Para Martin Jacques, membro sênior da Universidade de Tsinghua e anteriormente da Universidade de Cambridge, o maior desafio do Brics é como representar, respeitar e articular a diversidade do grupo, especialmente quando esses países têm níveis tão diferentes de desenvolvimento. “No centro desse desafio está o objetivo do Brics de manter a sua coesão. O presidente Trump está usando as tarifas para dividir. Por isso, é vital que os Brics permaneçam unificados e coerentes”, disse o acadêmico. No entanto, ele lembrou que desde o fim da Segunda Guerra Mundial, o mundo tem observado uma constante ascensão dos países em desenvolvimento que vai desde os movimentos de libertação nacional na África e na Ásia e na busca deles pelo desenvolvimento. O sucesso do advento do Brics+ culminou com a reação autoritária do governo Trump.

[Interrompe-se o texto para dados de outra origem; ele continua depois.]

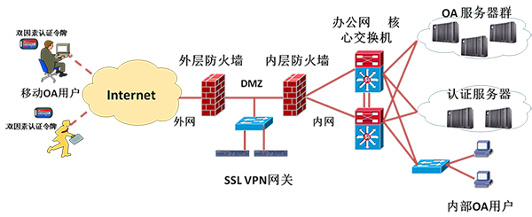 如圖所示,用戶辦公系統(tǒng)OA服務器與身份密碼認證服務器部署在企業(yè)核心內(nèi)網(wǎng),SSL VPN網(wǎng)關設備部署在防火墻區(qū)域。企業(yè)員工需要遠程辦公時,可以連接到Internet通過瀏覽器訪問SSL VPN網(wǎng)關,利用雙因素認證方式,內(nèi)網(wǎng)認證服務器會為企業(yè)員工提供動態(tài)的認證密碼,配合員工自己所設定的密碼組成一組完整的密碼來完成登陸企業(yè)內(nèi)網(wǎng)前的認證審核。安全、方便的實現(xiàn)遠程辦公需求。
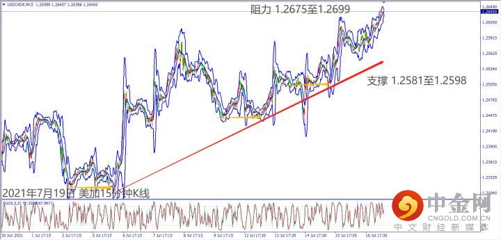 上周五(16日)日本利率决议前瞻称发出长期宽松政策,美日站回110.00关口,大有可能带动多方涨势。上周日(18日)欧佩克草案声明称OPEC+在2022年9月之前,市场条件允许下全面取消580万桶/日减产,今天(19日)油价跌或美元上涨,有望利好美加涨势。
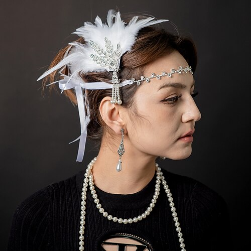 Retrò Vintage Anni Ruggenti Anni 1920 Fascia Flapper Copricapo Accessori per la testa Il grande Gatsby Piuma Costume Per donna Natale Carnevale Mascherata Festa a tema retrò Danza Charleston Adulti
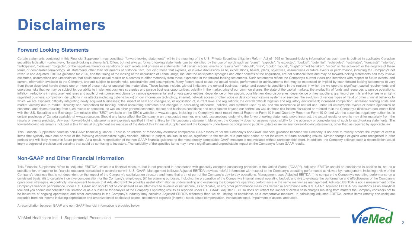 -2025年5月6日に既に開示した通り、ヴィームドは、呼吸ケアと女性の健康に特化した在宅医療機器を提供するヘルスケア企業リーハンズ・メディカル・イクイップメントを約2,600万ドルで買収することに合意した。2024年のリーンの純収入は約2,570万ドル、調整後EBITDAは約740万ドルであった。
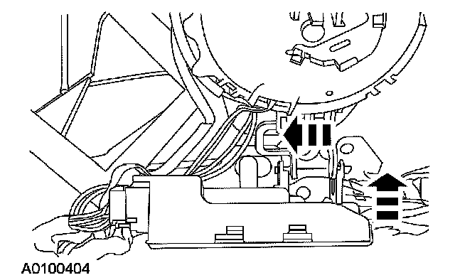 6. Pivot the power sliding door module upward and carefully slide the module to the left to detach module from the drive assembly.
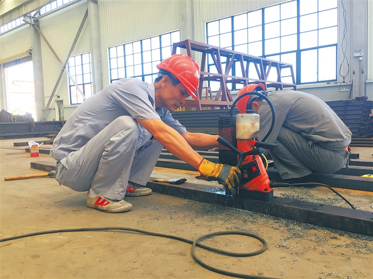 手持卡尺,对照图纸在钢板上刻下尺度,按照尺度刻好打孔位置,再以磁力钻垂直钻孔……近日,在海南省建筑产业化股份有限公司模具车间里,陆升半蹲在地上,专心地对一批装配式建筑构件模具进行打孔。
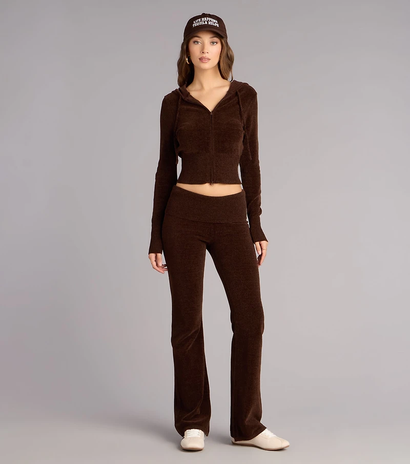 Your off-duty era just found its new uniform. These chenille knit flare pants deliver that perf lounge-all-day vibe with a fit that still looks intentionally put together.
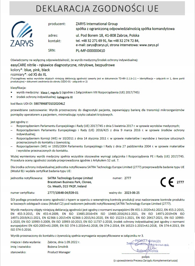 zgodność z normami technicznymi: EN 455-1:2020, EN 455-2:2015, EN 455-3:2015, EN 455-4:2009, EN ISO 13485:2016+EN ISO 13485:2016/A11:2021, EN ISO 14971:2019+EN ISO 14971:2019/A11:2021, EN 62366-1:2015+EN 62366-1:2015/A1:2020, EN ISO 15223-1:2021, EN ISO 20417:2021, EN ISO 10993-1:2020, EN ISO 10993-5:2009, EN ISO 10993-10:2013, EN ISO 11737-1:2018, EN 420:2003+A1:2009, EN ISO 374-1:2016+A1:2018, EN 374-2:2014, EN 16523-1:2015+A1:2018, EN 374-4:2013, EN ISO 374-5:2016, ASTM D6978, ASTM F1671, ASTM D6319
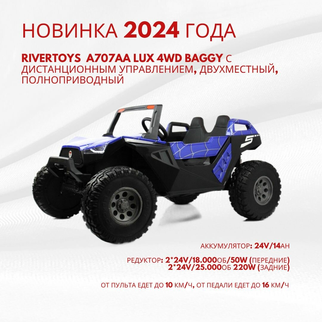 Купить Детский электромобиль RiverToys A707AA LUX 2024 4WD полноприводный, двухместный, с дистанционным управлением синий Spider с доставкой по всей России.
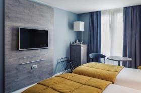Le 80 camere uniscono comfort e carattere. La decorazione si declina in una palette delicata, arricchita da richiami grafici o floreali ispirati allo stile École de Nancy. Moquette spesse, testiere elaborate, lampade dal design curato rafforzano l’impressione di un ambiente accogliente. Troverete letti di qualità, un buon livello di insonorizzazione, uno spazio di lavoro piacevole e una connessione Wi-Fi veloce, utile sia per viaggiatori d’affari che per soggiorni di piacere.
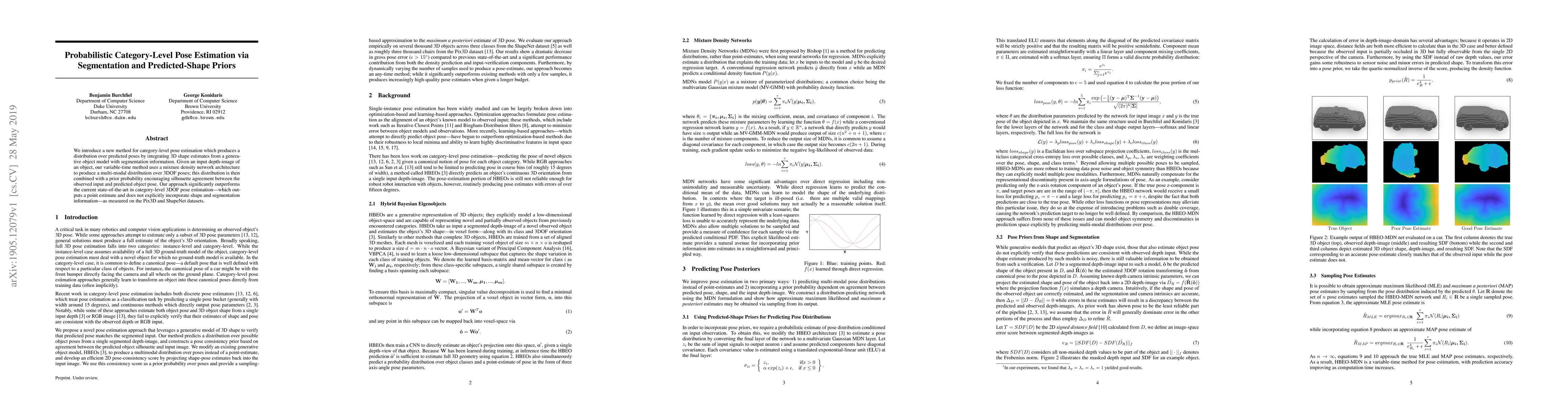 The paper presents a novel method for category-level pose estimation, integrating 3D shape estimates and segmentation data. This approach, using a mixture density network, generates a distribution over 3DOF poses, significantly outperforming current state-of-the-art methods on Pix3D and ShapeNet datasets by explicitly incorporating shape and segmentation information.
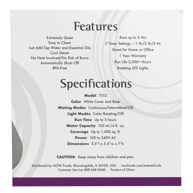 NOW® Solutions Ultrasonic Oil Diffuser unites scientific innovation with contemporary design to create an essential oil diffuser that's the perfect complement to your home or office. This attractive diffuser is BPA-free and utilizes high-frequency ultrasonic electrical vibrations to create an ultra-fine aromatherapy mist. This diffusion method doesn't utilize heat, which maintains essential oil integrity and holistic properties. It's perfect for daily and year-round use and is a healthy alternative to synthetic room fresheners and scented candles.
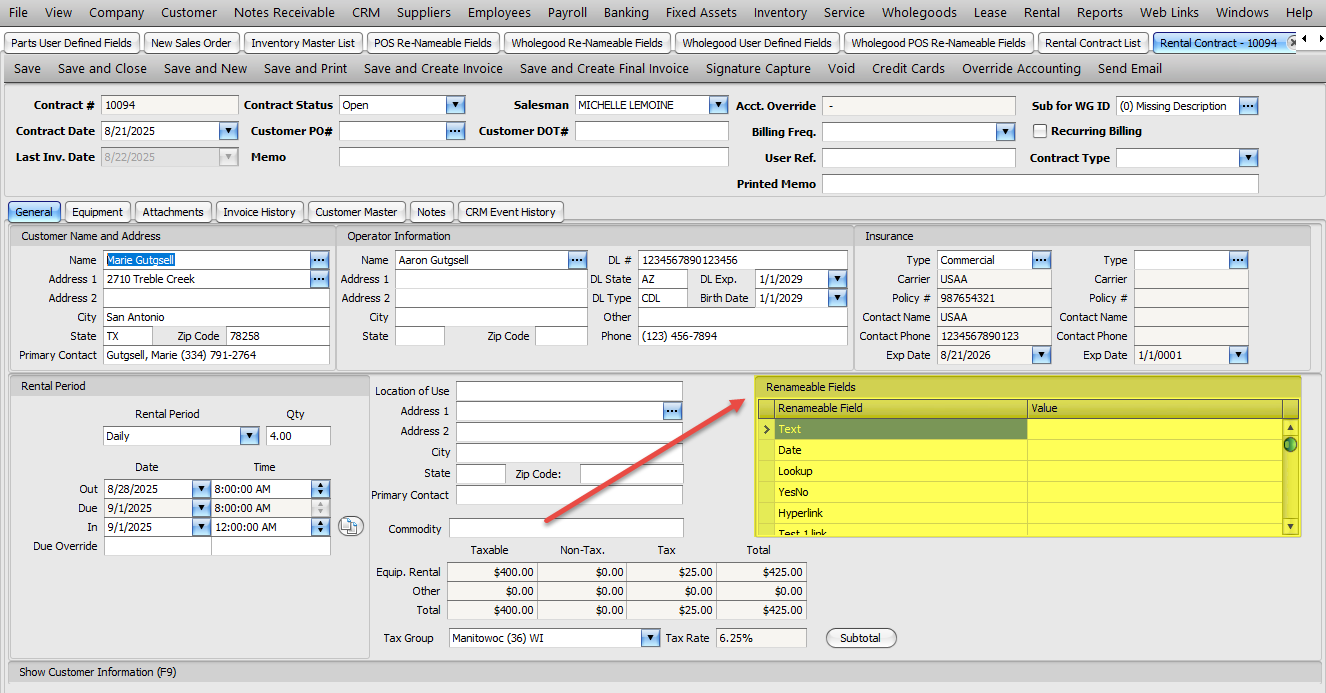 Open a Rental Contract and look for the Re-Nameable Fields section on the General tab

“É impossível ver o fenômeno Trump sem ver o crescimento da China, da Índia e do mundo em desenvolvimento. O governo Trump 2.0 é uma reação a esse crescimento, a esse mundo. É uma tentativa de reassumir a posição hegemônica dos Estados Unidos, dividindo, diminuindo e criando uma disrupção. Os Estados Unidos criaram essa forma de desmantelar e destruir o sistema internacional, recriando o mundo à sua imagem, dando prioridade aos seus próprios interesses, mesmo com prejuízo aos seus aliados como o Japão”. Para ele, o grande valor do Brics+ está em ser uma alternativa a este projeto caótico de Trump.

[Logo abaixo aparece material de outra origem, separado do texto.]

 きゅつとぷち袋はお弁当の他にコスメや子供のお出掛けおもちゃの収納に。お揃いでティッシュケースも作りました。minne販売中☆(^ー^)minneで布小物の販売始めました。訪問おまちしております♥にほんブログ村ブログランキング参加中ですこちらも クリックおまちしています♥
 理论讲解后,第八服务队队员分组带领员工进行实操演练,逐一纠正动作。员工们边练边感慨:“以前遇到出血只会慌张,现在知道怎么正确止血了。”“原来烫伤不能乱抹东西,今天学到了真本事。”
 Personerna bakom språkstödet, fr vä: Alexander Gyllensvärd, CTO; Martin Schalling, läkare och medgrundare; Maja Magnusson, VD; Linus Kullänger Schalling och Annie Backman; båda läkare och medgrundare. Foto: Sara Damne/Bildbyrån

Por fim, conforme Ali Muhammad Ali, diretor-gerente da Agência de Notícias da Nigéria (NAN), os países do Brics+ não são apenas um grupo de economias emergentes, são uma força que deve ser reconhecida, já que sua influência está crescendo dia a dia também. “Nossa força combinada é imparável. Com novos membros como o Egito, os Emirados Árabes Unidos, o Irã e a Etiópia, que agora entraram, nós cobrimos quase metade da população global. Nosso PIB é de 63,2 trilhões, o que é impressionante, superando os 52 trilhões de dólares do G7. O Fundo Monetário Internacional prevê que a economia mundial vai depender mais dos Brics para impulsionar o crescimento nos próximos cinco anos, com a China, sozinha, contribuindo com 22% do crescimento global. Os países Brics respondem por mais de 40% da produção industrial do mundo. Produzimos 42% do trigo, 52% do arroz, 46% da soja no mundo. Isso é segurança alimentar. A voz dos Brics, portanto, representa uma influência crescente que vai além do Sul Global. Está moldando a governança global, o desenvolvimento econômico e relações internacionais”.
Segundo ele, para a Nigéria, ingressar nos Brics é óbvio. Conforme Ali, o país está estrategicamente posicionado na África. “Nossa parceria com os Brics se baseia em três pilares essenciais. Em primeiro lugar, vemos os Brics como uma opção natural para a Nigéria, considerando nossos objetivos e valores compartilhados. Em segundo lugar, estamos interessados em reduzir nossa dependência do sistema centrado nos Estados Unidos e promover um mundo multipolar. Em terceiro lugar, juntar-se aos Brics nos ajuda a nos posicionar como potência emergente no cenário global. A voz dos Brics é, de fato, alta e clara. Deslumbramos um Sul Global próspero e um mundo mais justo e equitativo”.